At a given mass of proppant, the fracture length and fracture width are competing for the proppant. The maximum productivity index would be achieved on the best compromise between length and conductivity. The classical proppant index method theory is originally proposed for single fracture with uniform conductivity in the pseudo-steady state (PSS) flow conditions[27,28], and the objective function is the productivity index in the PSS condition, while not (cumulative) rate in transient conditions.

In this paper, an extension of proppant index method theory to account for the geometry of multiple MFHWs is presented, and the proppant number is modified as

${{N}_{\text{prop}}}=\frac{4{{x}_{\text{ef}}}}{3{{y}_{\text{ef}}}}\frac{{{n}_{\text{f}}}{{C}_{\text{fDmax}}}I_{\text{x}}^{2}}{{{n}_{\text{w}}}}$

The extended proppant index method could consider time dependency of transient response covering both transient and PSS conditions. The fixed proppant number in the proppant index method is regarded as technical constraint. With further consideration of economic constraint, a nested optimization method containing outer-optimization and inner-optimization shells is further developed to optimize an overall economic objective.
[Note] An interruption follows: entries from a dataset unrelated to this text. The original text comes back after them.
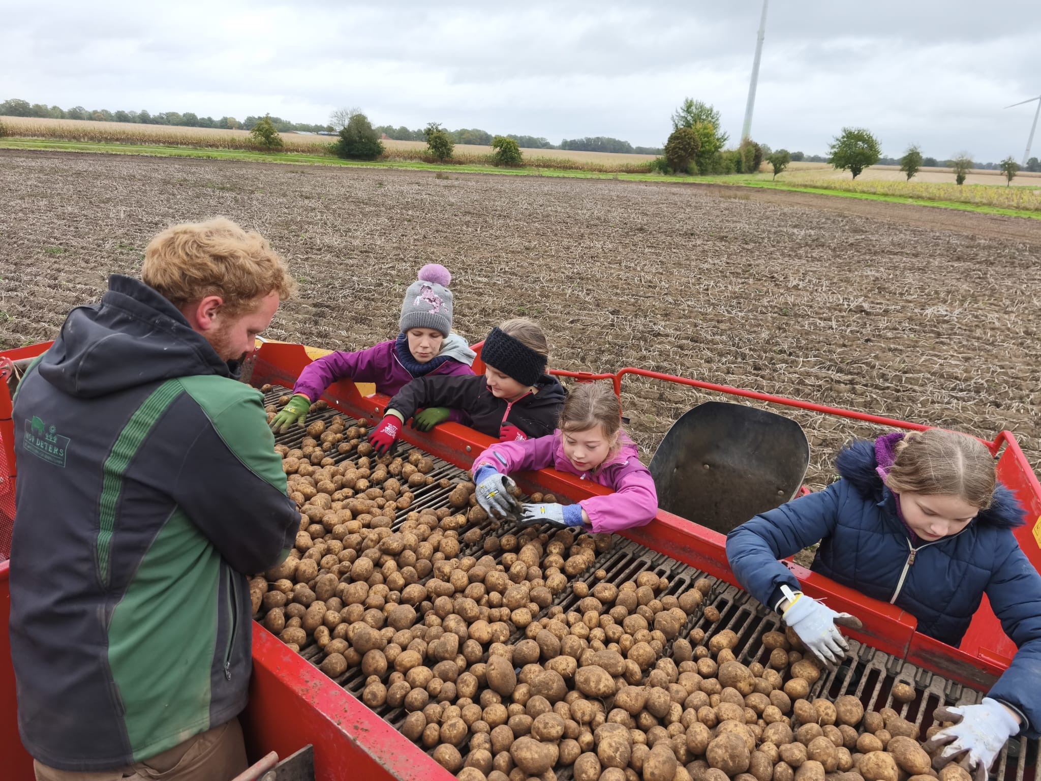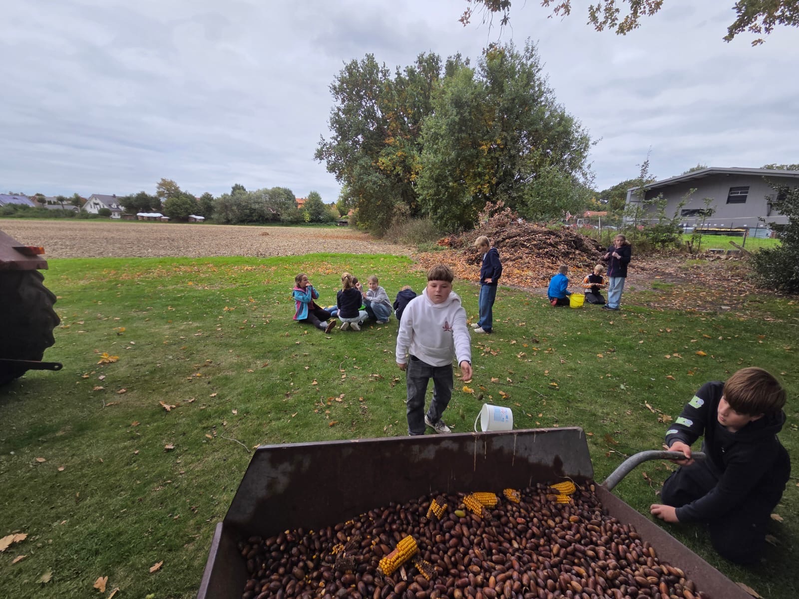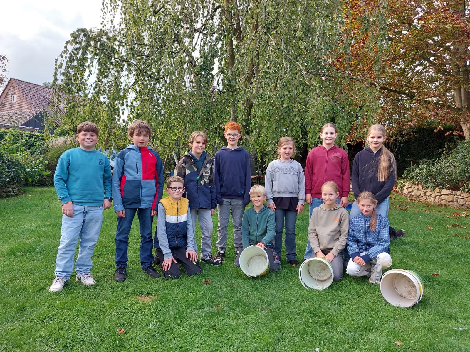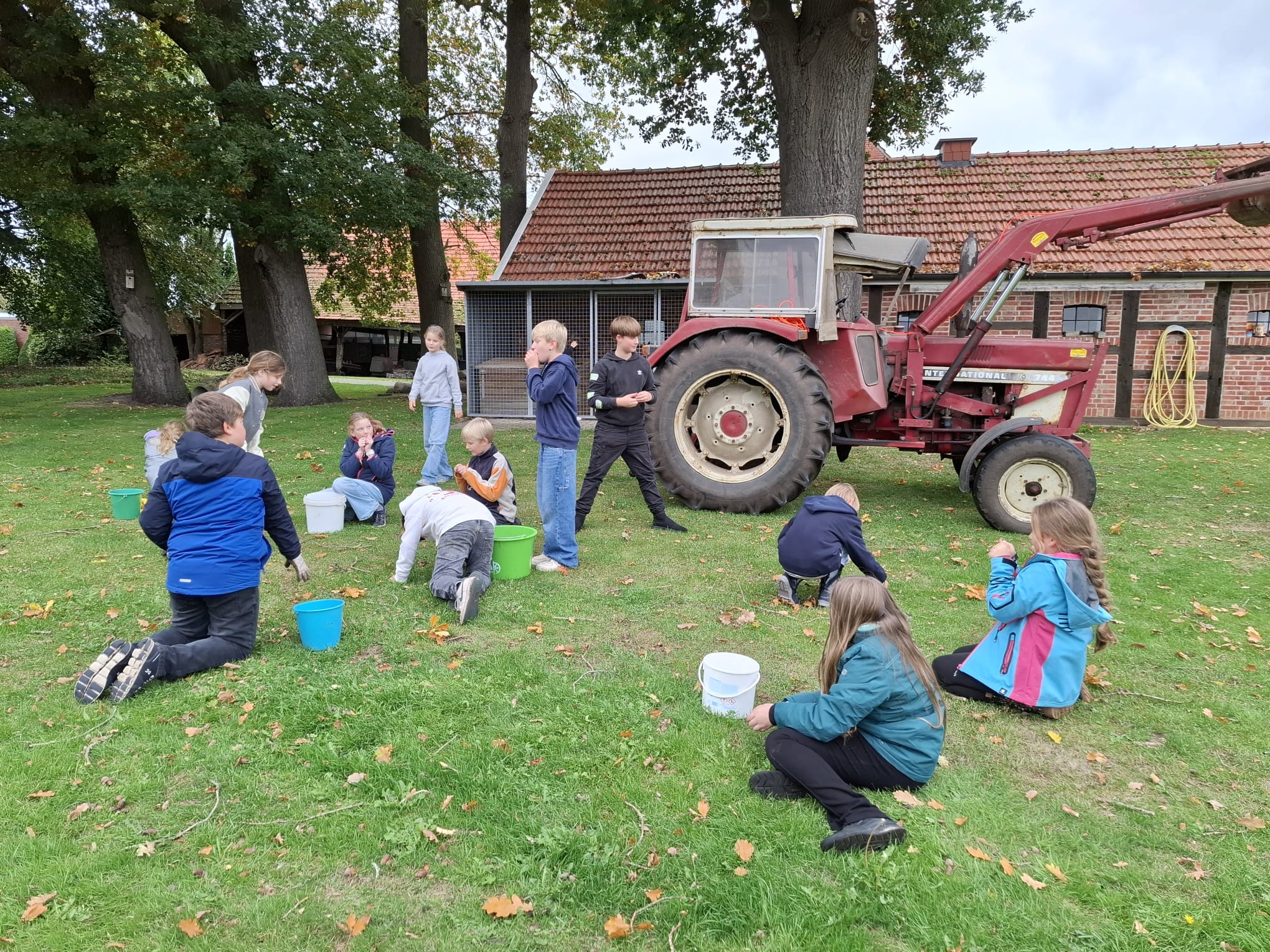 An vier verschiedenen Nachmittagen trafen sich die Kinder in Gruppen von 8 bis 15 Personen, um auf den Höfen Deters, Manemann, Dobelmann und Lampa-Pruisken beim Roden von Kartoffeln zu helfen und Kastanien und Eicheln zu sammeln, damit Mensch und Tier für den Winter gewappnet sind. Die Kastanien und Eicheln sind an die Jäger Lengerichs und Umgebung weitergegeben worden, damit die Tiere den Winter gut überstehen können. Die Aktionen haben aber nicht nur den Mitmenschen und den Tieren geholfen, sondern auch die Klassengemeinschaft wurde dabei gestärkt.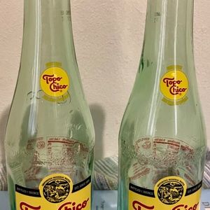 Topo Chico Bottles Set of 2, green glass , mini bottles, empty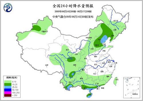 附圖 全國(guó)降水量預(yù)報(bào)圖(6月16日08時(shí)~17日08時(shí))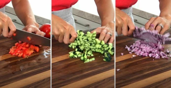 - À une crevette, ajoutez 1 tasse de tomates en dés, 1 tasse de concombre en dés, une demi-tasse d’oignon rouge émincé, deux cuillères à soupe de coriandre hachée, une cuillère à soupe de piment serrano émincé, une cuillère à café de zeste de citron vert, une demi-tasse de jus de citron vert, un quart de tasse de jus de citron et une demi cuillère à café de sel;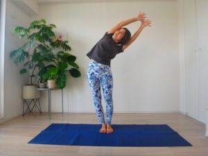 いまいちわからない、あまり変わらない場合には、まず両腕はあげずに練習をしてみる、もしくは上半身を横に倒す前に腕を上げても力まないように力を抜く練習をしてみましょう。吐く息のタイミングで体は緩みやすくなります。吐く息を長めに意識してやってみてくださいね。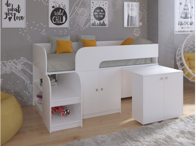Невысокая детская кровать-чердак Астра 9/8 — это продуманная система хранения, которая позволит ребенку самостоятельно научиться размещать вещи и игрушки по местам. Выдвижной столик-тумба обеспечит удобное рабочее место для игр, учебы или творчества.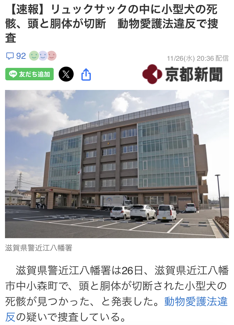 滋賀で頭と胴体が切り離された犬の死体が見つかる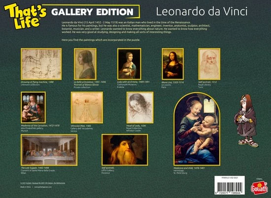 De That’s Life Gallery Edition: Leonardo da Vinci puzzel heeft afmetingen van 68x48cm indien compleet. De doos inclusief puzzel weegt 725 gram.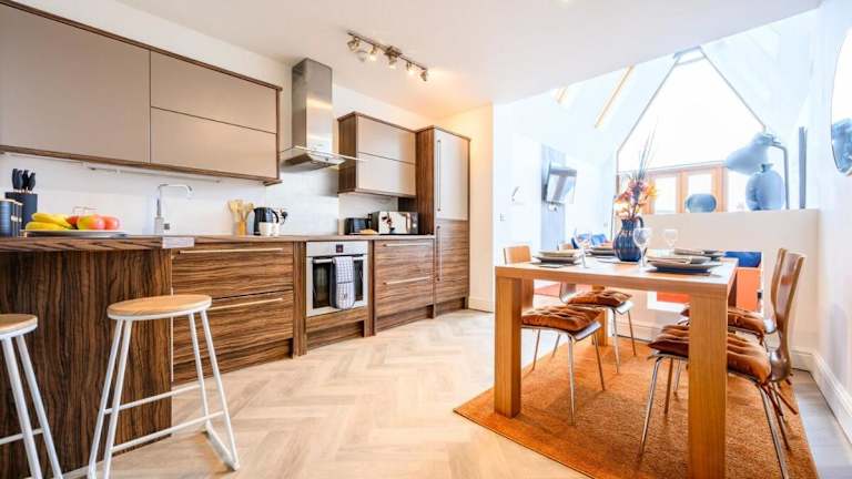 Die Unterkunft 2 bed with terrace - Llandaff Lofts by Tŷ SA bietet eine moderne Ferienwohnung mit einem Balkon und einer Terrasse in ruhiger Lage.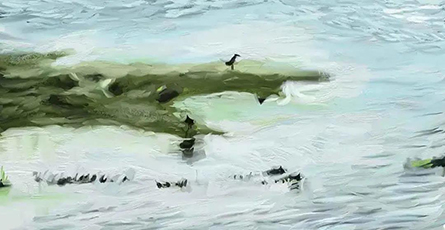 芦苇正长到和我一般高,齐刷刷,绿莹莹,宽宽的叶子上绣积着一层茸茸白毛,纯净到纤尘不染。我漫步在芦苇荡里青草铺垫的小道上,似可感到正值青春期的芦苇的呼吸。我自然想到那位身姿窈窕的淑女,也许在麦田里锄草,在桑树上采摘桑叶,在芦苇丛里聆听鸟鸣,高原的地脉和洽川芦荡的气韵,孕育出窈窕壮健的身姿和洒脱清爽的质地,才会使那个万众景仰的周文王一见钟情,倾心求爱。我便暗自好笑少年时期自己的无知与轻狂,好逑的君子可是西周的周文王啊,哪里还有比他更能称得起君子的君子呢!一个君王向一个锄地割麦采桑养蚕的民间女子求爱,就在这莽莽苍苍郁郁葱葱的芦苇荡里,留下《诗经》开篇的爱情诗篇,萦绕在这个民族每一个子孙的情感之湖里,滋润了两千余年,依然在诵着吟着品着咂着,成了一种永恒。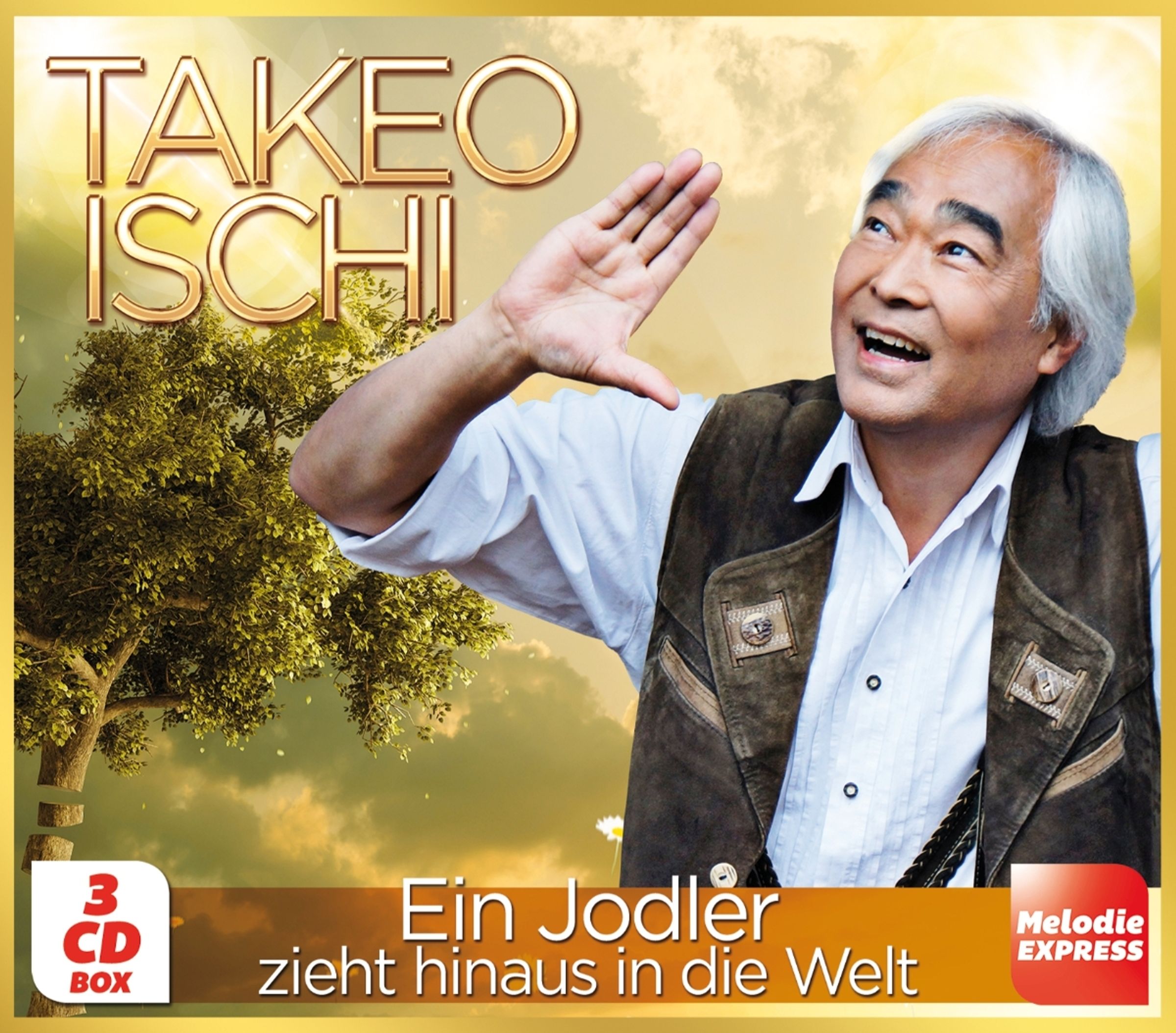 Texte: "TAKEO ISCHI", "Ein Jodler zieht hinaus in die Welt", "3 CD BOX", "Melodie EXPRESS". Mann in Lederweste vor Baum., 3 CDs
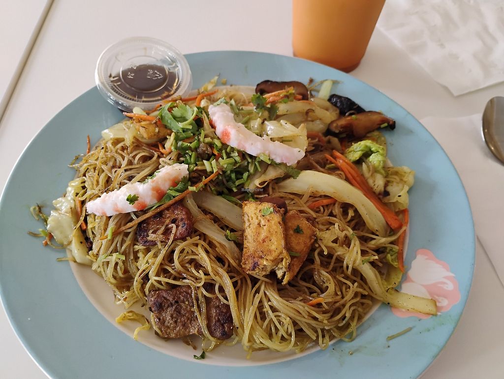 Lemongrass Noodle-Rice noodles, TVP cooked with lemongrass, onion, bea…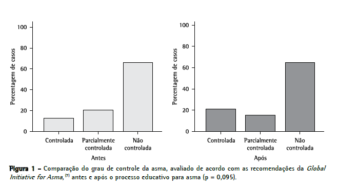O fato de não termos obtido um impacto sobre o grau de controle da doença poderia ser atribuído à persistência de uma percentagem de pacientes não aderentes ao uso das medicações de manutenção, à persistência de erros na técnica inalatória ou mesmo a dificuldades na obtenção das medicações. Neste estudo, para avaliar o grau de controle da doença, foram utilizados os critérios propostos pelas diretrizes da GINA. (7) Essa medida, mesmo não sendo validada na literatura, agrega vários marcadores clinicamente importantes sobre o controle da asma. (30) Por outro lado, o intervalo de 3 meses entre a intervenção e a reavaliação foi suficiente para que o processo educativo tivesse tido um impacto sobre o grau de controle da doença.

3.1. Inner-optimization shell

Fracture length and conductivity (set the fracture height is the same as the formation thickness) are key parameters of inflow and outflow relations between fracture and reservoir. Considering about the positive relationship of fracture width and fracture permeability, fracture conductivity ability (Kfwf) is used to represent fracture width. We take a single fracture as an example to discuss the optimization process of fracture length and conductivity. The fracture size are assumed as 400 m×50 m×20 m, where the fracture length is represented by fracture-penetration ratio (Ix=Lf/xe), and the fracture width is represented by dimensionless conductivity.

The optimization results of fracture conductivity and length with proppant index in Fig. 7 show when proppant volume is not considered, estimated ultimate recovery (EUR) denoted by dashed line increases monotonously with the increase of Ix and CfD till reaches the maximum value. At this point, the fracture full penetrates the drainage area and reaches infinite conductivity. When the constraint of proppant volume is considered, the cumulative production and fracture dimensions have optimal values, which are denoted by discrete points in the Fig. 7. The maximum conductivity and length cumulative production increases with the increase of proppant index. More interestingly, the optimum fracture conductivity and length are different at different times as seen from Fig. 7a, 7b.

Fig. 7.

Fig. 7.   Optimization of dimension of fractures with finite conductivity.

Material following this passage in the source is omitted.